PROBLEM TO SOLVE
Make an exact copy of the listing underneath, skipping each picture.

INFORMATION SUPPLIED
☆ ☆ ☆ ☆ ☆

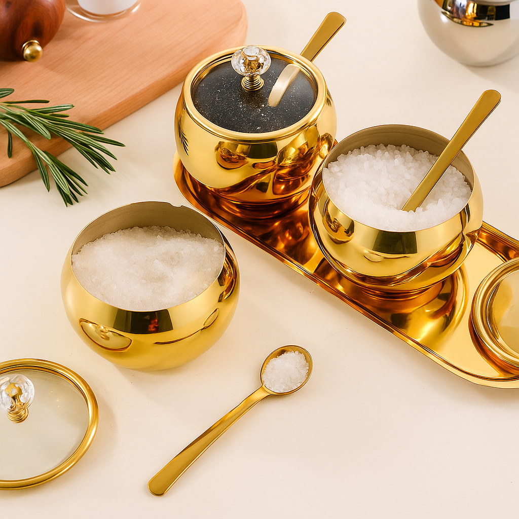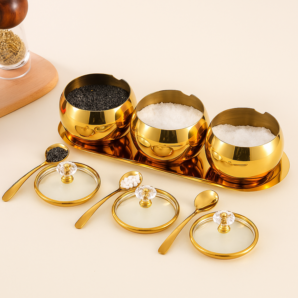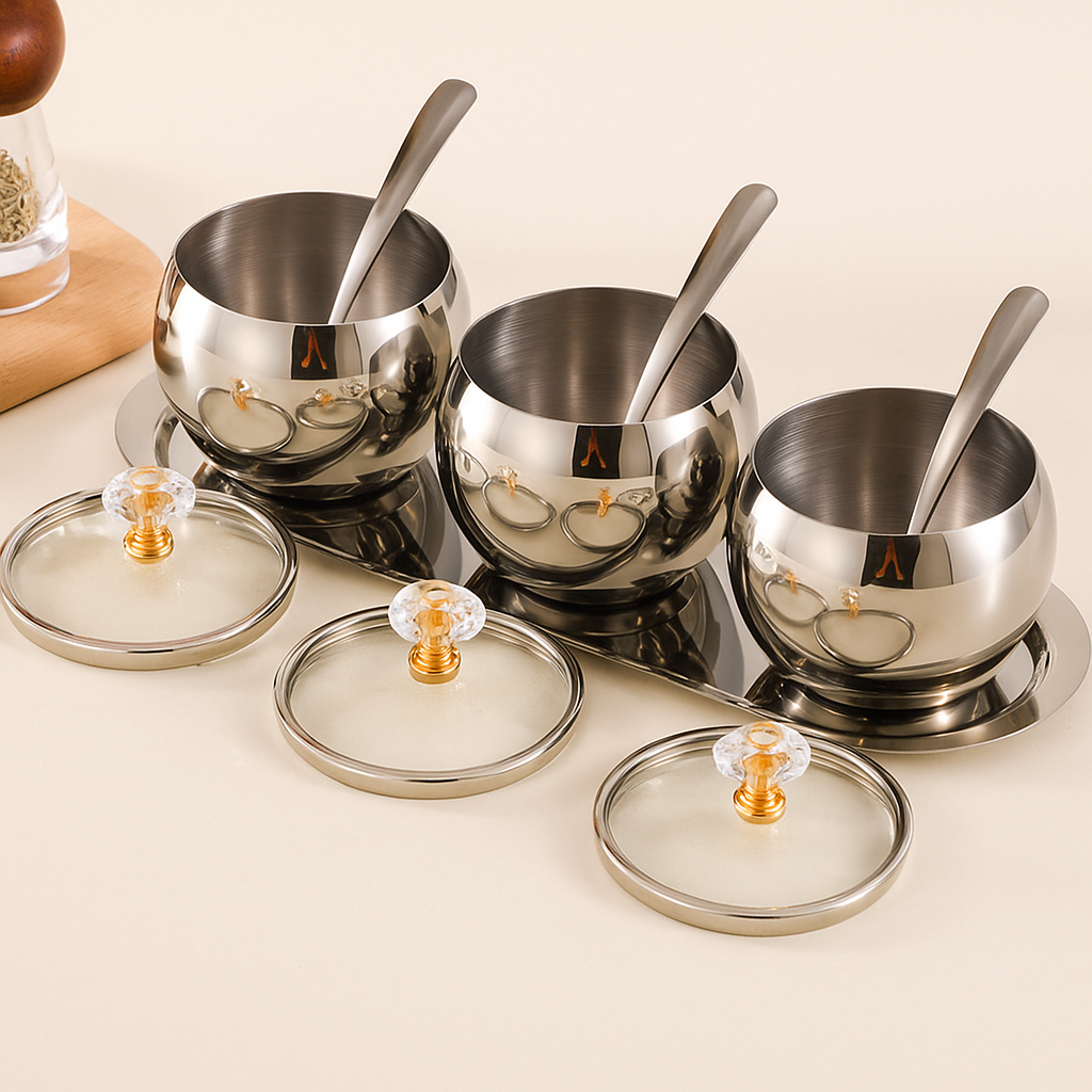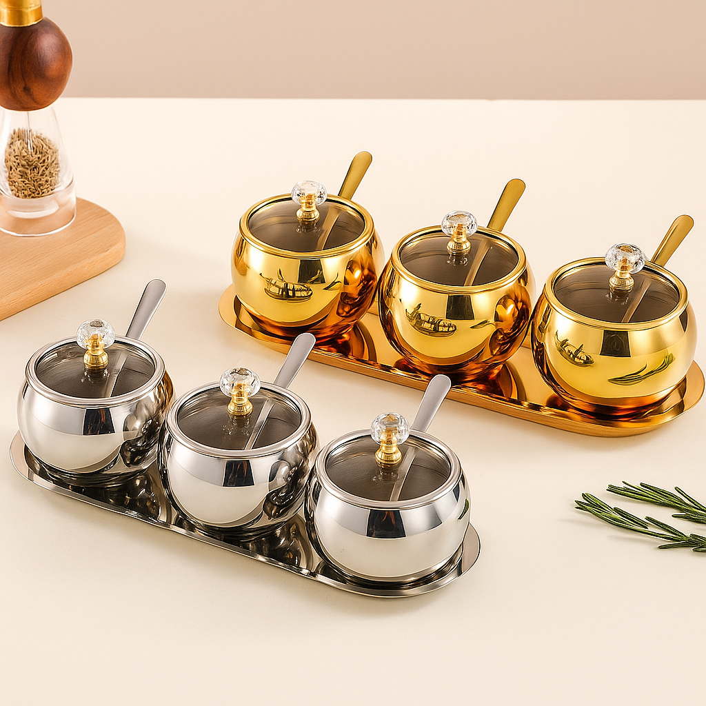 Transforme sua bancada em um espaço organizado e sofisticado com o Porta-Temperos em Aço Inox 304. Perfeito para armazenar sal, açúcar, pimenta e outros temperos com muito estilo.
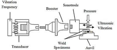 در فرآیند جوش فلزات به روش التراسونیک ، درحالی که دو سطح با اعمال فشار در کنار هم نگه داشته شدهاند ارتعاشات اولتراسونیک با ایجاد حرکت نسبی همراه با اصطکاک بین دو سطح تماسی باعث تولید گرما و بدنبال آن رسیدن سطوح به 30 تا 80 درصد دمای نقطه ذوب میشوند و به اینصورت سطوح یا قطعات در حال تماس به همدیگر جوش داده میشوند. این فرآیند یک فرآیند بدون تغییر فاز است و فلزات بدون آنکه ذوب شوند در حالت جامد به هم متصل میشوند. منبع تغذیه التراسونیک جریان متناوب شهری را به جریان با ولتاژ و فرکانس مناسب میرساند. این فرکانس میتواند بین 15 تا 40 کیلوهرتز باشد. ترنسدیوسر یا کانورتر التراسونیک به وسیله پیزوالکتریک ها انرژی الکتریکی را به انرژی مکانیکی تبدیل میکند. در واقع سیگنالهای الکتریکی به ارتعاشات مکانیکی تبدیل میشوند و سپس این ارتعاشات توسط بوستر تقویت شده و به وسیله هورن یا سونوترود به قطعات انتقال داده میشوند.
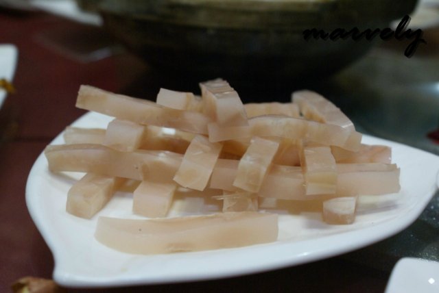 猪皮做的肉冻,挺Q弹的,不过店家提供的蘸酱不给力,既无法提升皮冻的鲜味,也没能让皮冻变得更美味,后来店主说,是店员上错了蘸料。

☆ ☆ ☆ ☆ ☆

EXPECTED OUTPUT
 Transforme sua bancada em um espaço organizado e sofisticado com o Porta-Temperos em Aço Inox 304. Perfeito para armazenar sal, açúcar, pimenta e outros temperos com muito estilo.
 در فرآیند جوش فلزات به روش التراسونیک ، درحالی که دو سطح با اعمال فشار در کنار هم نگه داشته شدهاند ارتعاشات اولتراسونیک با ایجاد حرکت نسبی همراه با اصطکاک بین دو سطح تماسی باعث تولید گرما و بدنبال آن رسیدن سطوح به 30 تا 80 درصد دمای نقطه ذوب میشوند و به اینصورت سطوح یا قطعات در حال تماس به همدیگر جوش داده میشوند. این فرآیند یک فرآیند بدون تغییر فاز است و فلزات بدون آنکه ذوب شوند در حالت جامد به هم متصل میشوند. منبع تغذیه التراسونیک جریان متناوب شهری را به جریان با ولتاژ و فرکانس مناسب میرساند. این فرکانس میتواند بین 15 تا 40 کیلوهرتز باشد. ترنسدیوسر یا کانورتر التراسونیک به وسیله پیزوالکتریک ها انرژی الکتریکی را به انرژی مکانیکی تبدیل میکند. در واقع سیگنالهای الکتریکی به ارتعاشات مکانیکی تبدیل میشوند و سپس این ارتعاشات توسط بوستر تقویت شده و به وسیله هورن یا سونوترود به قطعات انتقال داده میشوند.
 猪皮做的肉冻,挺Q弹的,不过店家提供的蘸酱不给力,既无法提升皮冻的鲜味,也没能让皮冻变得更美味,后来店主说,是店员上错了蘸料。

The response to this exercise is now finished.